TASK GOAL
Output the data below only from the line containing "Autorské hodiny s" up to and including the line containing "As these high-energy, heavy", exact and with the pictures left out.

INPUT MATERIAL
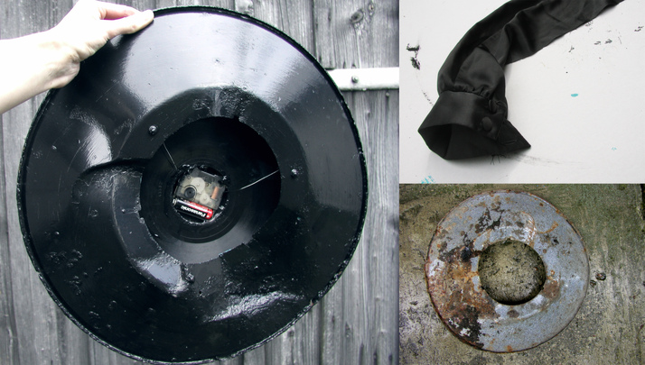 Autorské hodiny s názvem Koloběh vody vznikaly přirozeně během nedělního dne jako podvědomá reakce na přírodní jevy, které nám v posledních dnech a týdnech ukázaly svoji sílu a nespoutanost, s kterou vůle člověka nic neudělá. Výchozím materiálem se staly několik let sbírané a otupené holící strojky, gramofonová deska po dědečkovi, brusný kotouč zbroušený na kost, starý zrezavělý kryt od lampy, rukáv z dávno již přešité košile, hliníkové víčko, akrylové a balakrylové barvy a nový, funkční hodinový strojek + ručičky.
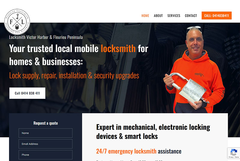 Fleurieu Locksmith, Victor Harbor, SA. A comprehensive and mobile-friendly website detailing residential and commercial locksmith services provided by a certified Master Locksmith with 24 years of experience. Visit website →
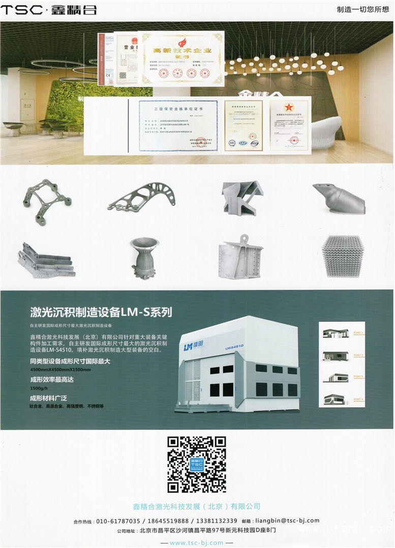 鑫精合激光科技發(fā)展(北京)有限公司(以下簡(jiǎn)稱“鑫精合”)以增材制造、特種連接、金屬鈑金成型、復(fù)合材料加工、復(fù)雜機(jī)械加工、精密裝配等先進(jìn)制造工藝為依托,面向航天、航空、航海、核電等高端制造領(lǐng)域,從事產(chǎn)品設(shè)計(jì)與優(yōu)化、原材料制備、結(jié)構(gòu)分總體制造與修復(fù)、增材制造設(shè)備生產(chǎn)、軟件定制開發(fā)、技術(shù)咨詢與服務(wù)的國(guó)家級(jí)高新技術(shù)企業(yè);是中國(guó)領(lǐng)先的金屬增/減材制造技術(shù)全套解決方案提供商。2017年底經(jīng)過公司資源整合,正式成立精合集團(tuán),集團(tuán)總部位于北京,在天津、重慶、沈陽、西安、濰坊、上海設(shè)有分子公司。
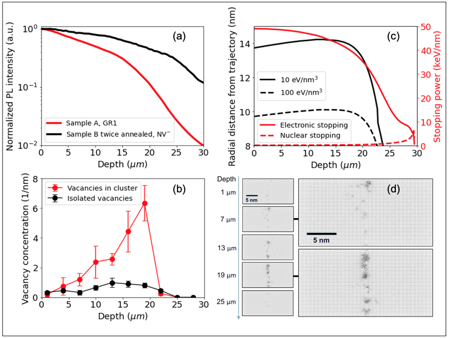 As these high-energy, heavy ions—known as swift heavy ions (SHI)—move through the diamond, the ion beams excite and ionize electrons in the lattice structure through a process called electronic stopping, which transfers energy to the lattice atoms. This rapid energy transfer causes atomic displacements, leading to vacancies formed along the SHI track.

* * *

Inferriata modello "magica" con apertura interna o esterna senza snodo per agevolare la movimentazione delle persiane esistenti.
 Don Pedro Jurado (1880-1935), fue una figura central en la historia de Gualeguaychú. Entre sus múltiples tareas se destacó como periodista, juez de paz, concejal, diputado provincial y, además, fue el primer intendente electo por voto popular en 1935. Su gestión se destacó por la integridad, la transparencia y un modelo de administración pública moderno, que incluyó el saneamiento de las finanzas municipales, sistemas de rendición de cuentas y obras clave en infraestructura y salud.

TASK SOLUTION
 Autorské hodiny s názvem Koloběh vody vznikaly přirozeně během nedělního dne jako podvědomá reakce na přírodní jevy, které nám v posledních dnech a týdnech ukázaly svoji sílu a nespoutanost, s kterou vůle člověka nic neudělá. Výchozím materiálem se staly několik let sbírané a otupené holící strojky, gramofonová deska po dědečkovi, brusný kotouč zbroušený na kost, starý zrezavělý kryt od lampy, rukáv z dávno již přešité košile, hliníkové víčko, akrylové a balakrylové barvy a nový, funkční hodinový strojek + ručičky.
 Fleurieu Locksmith, Victor Harbor, SA. A comprehensive and mobile-friendly website detailing residential and commercial locksmith services provided by a certified Master Locksmith with 24 years of experience. Visit website →
 鑫精合激光科技發(fā)展(北京)有限公司(以下簡(jiǎn)稱“鑫精合”)以增材制造、特種連接、金屬鈑金成型、復(fù)合材料加工、復(fù)雜機(jī)械加工、精密裝配等先進(jìn)制造工藝為依托,面向航天、航空、航海、核電等高端制造領(lǐng)域,從事產(chǎn)品設(shè)計(jì)與優(yōu)化、原材料制備、結(jié)構(gòu)分總體制造與修復(fù)、增材制造設(shè)備生產(chǎn)、軟件定制開發(fā)、技術(shù)咨詢與服務(wù)的國(guó)家級(jí)高新技術(shù)企業(yè);是中國(guó)領(lǐng)先的金屬增/減材制造技術(shù)全套解決方案提供商。2017年底經(jīng)過公司資源整合,正式成立精合集團(tuán),集團(tuán)總部位于北京,在天津、重慶、沈陽、西安、濰坊、上海設(shè)有分子公司。
 As these high-energy, heavy ions—known as swift heavy ions (SHI)—move through the diamond, the ion beams excite and ionize electrons in the lattice structure through a process called electronic stopping, which transfers energy to the lattice atoms. This rapid energy transfer causes atomic displacements, leading to vacancies formed along the SHI track.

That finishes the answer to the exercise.